По высокому потолку медленно проплывали длинные стрелы света. В открытую фрамугу тянуло шуршанием шин по мокрому асфальту, запахом дождя и обрывками «Сплина». Барная зона городской берлоги, обшитая грубо стёсанным кирпичом и обвитая стеблями неона - идеальное место для быстрого аперитива перед основной программой. Граффити на стенах сразу наглядно объясняли барышням по какому поводу они все сюда приглашаются. Хотя, как правило, гостьи прекрасно справлялись и без подсказок, в инструкциях не нуждались, ибо знали, к кому и зачем шли.
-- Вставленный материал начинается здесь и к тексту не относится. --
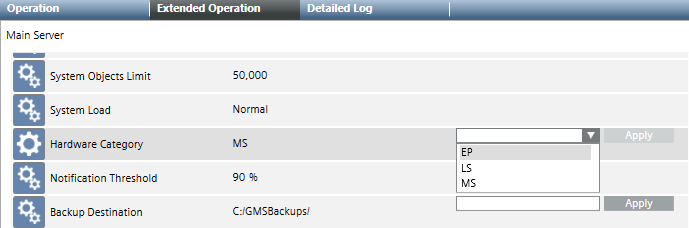 • The Extended Operation tab displays the various properties of the Main Server object, which also include those relating to the hardware category and system limits.

Иллюстрации, скорее, являлись антуражем для экзальтации дам. Восторженные бабочки, вдохновившись интерьером и крепкими напитками, хлопотали ответственно, словно передовицы за квартальную премию.

Глеб пытался представить Леру в рядах этих капустниц. Привёл бы ее, напоил, завалил в постель, драл бы ее до утра и…

Провал. Желаемое с действительным не сходилось. Не было ни одной вразумительной причины, по которой Новодворская могла прийти сюда добровольно, зная, кто он. Питать себя иллюзиями на данный счёт было как-то даже неловко. Эта интеллигенция таких как Граф предпочитает не замечать, чтобы не выдать своего презрения, или случайно не выделить среди прочих преступных элементов. Неудивительно с такой-то фамилией. Словом, общение с личностями такой формации для Новодворской, как… уронить своё сокровенное достоинство… как западло, короче, если пользоваться привычной его сиятельству терминологией.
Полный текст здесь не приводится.